Healthcare Engineering Innovation Group (HEIG)

Biomedical Computing in the Arab World: Unlocking the Potential of a Growing Research Community

May 25, 2021

Health challenges remain one of the long-standing issues in the Arab region but biomedical computing research is one way to tackle these challenges. 

 

By Dr. Ahsan H. Khandoker

 

Read Arabic story here.

 

A combination of factors is driving the growth in demand for healthcare in the Middle East, including aging populations, longer life expectancies, and sedentary lifestyles that lead to an increase in obesity, cancer, and diabetes.

 

Thanks to recent advances in computing technology, biomedical computing has become one of the most influential research areas worldwide. There has been an explosion in the volume of biomedical data generated by the technologies involved in modern healthcare, but these volumes of data pose great analytical challenges in the quest to infer the knowledge buried within.

 

Researchers across the Arab region have successfully advanced a diverse spectrum of biomedical computing applications, as well as stimulating commercial interest.

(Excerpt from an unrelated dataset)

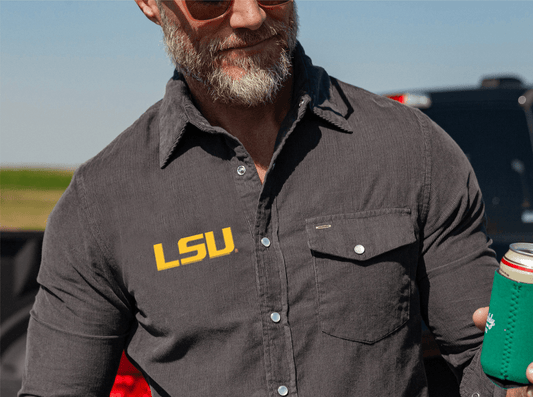 LSU Corduroy Pearl Snap - LSU - Charcoal

In an article published in Communications of the ACM, a journal for the Association of Computing Machinery, my colleagues and I shed light on these notable research efforts and demonstrate how this research addresses healthcare issues in the region. We focus on three main areas of biomedical computing: biomedical imaging, biomedical signal analysis, and bioinformatics.

 

Dr. Ahsan H. Khandoker

Biomedical image analysis has been used extensively in the Arab world due to the region’s strong prevalence of diseases that rely on imaging techniques for accurate diagnosis. Across the region, numerous research groups have published work in this area, using various machine learning techniques. Research includes localization of cardiac structures using magnetic resonance imaging (MRI), computer-aided diagnosis for understanding tumor behavior, and diagnosis of Alzheimer’s disease using diffusion tensor images. With the onset of the Covid-19 pandemic, many researchers have also proposed methods for fast and accurate CT image segmentation, which is crucial to the diagnosis of Covid-19.

 

Biomedical signal analysis is another area that is key, given the advances in the technology of recording different physiological signals from the human body. These signals can be used in diagnosing various diseases as well as modulating the function of different organs. The Khalifa University Biomedical Signal Processing research group is developing non-invasive fetal phonocardiogram, as well as adult electrocardiogram (ECG) signal processing techniques to prevent stillbirths and sudden cardiac deaths.

 

Cardiovascular disease represents a leading cause of death in the Arab region, as well as worldwide, and the KU team is proud to contribute to the global research efforts to diagnose and predict cardiac arrhythmia complications. The team has developed a new device presenting a novel algorithm to predict a heart attack long before its onset, and successfully developed the first proof-of-concept, low-cost phonocardiogram sensor that can detect fetal heart sounds and give a reliable estimation of the fetal heart rate and its variability.

 

Brain signal analysis is another notable research direction pursued in biomedical computing applications. Researchers have identified and characterized the brain networks associated with cognitive deficits in patients, with neurological pathologies such as Alzheimer’s disease understood to be caused by alterations in these brain networks. This research could complement current Alzheimer’s Disease diagnostic metrics, especially at early stages of the disease.

 

Another study has proposed a technique to assess the mental capacity to preserve attention for long durations, with the technique able to monitor changes in the communication patterns among different brain regions with reduced attention. Biomedical signal analysis research in the region has resulted in influential and diverse contributions that aim to resolve multiple technical challenges in the field and address several population health issues.

 

Researchers in the field of bioinformatics have leveraged high-performance computational methods to tackle hereditary diseases prevalent in the region. There have been multiple efforts to develop national genome programs, with the projects focusing on unravelling the mutations responsible for inherited disorders in the population. The Emirati project, for example, has characterized 1,000 individual genomes with aspirations to eventually cover the entire population of the country. This bioinformatics research has the potential to dramatically enhance the quality of life of millions of people around the Arab region.

 

Built upon the success demonstrated in different biomedical computing tracks, the Arab region has witnessed a strong momentum for entrepreneurial activities in many sectors, for example, the work of the KU Biomedical Signal Processing research group that resulted in a UAE-based start-up company licensed to commercialize their phonogram technology for fetal wellbeing at home, called Medical Advanced Research Project (MARP ).

 

Research in biomedical computing is stimulating the budding culture of entrepreneurship and new ventures across the region, opening avenues of development that could magnify the outcomes of the biomedical computing research community in the region. Much of this work is being undertaken by Khalifa University’s Healthcare Engineering Innovation Group (HEIG) and Biotechnology Center (BTC).

 

Dr. Ahsan H. Khandoker is an Associate Professor of the Department of Biomedical Engineering at Khalifa University.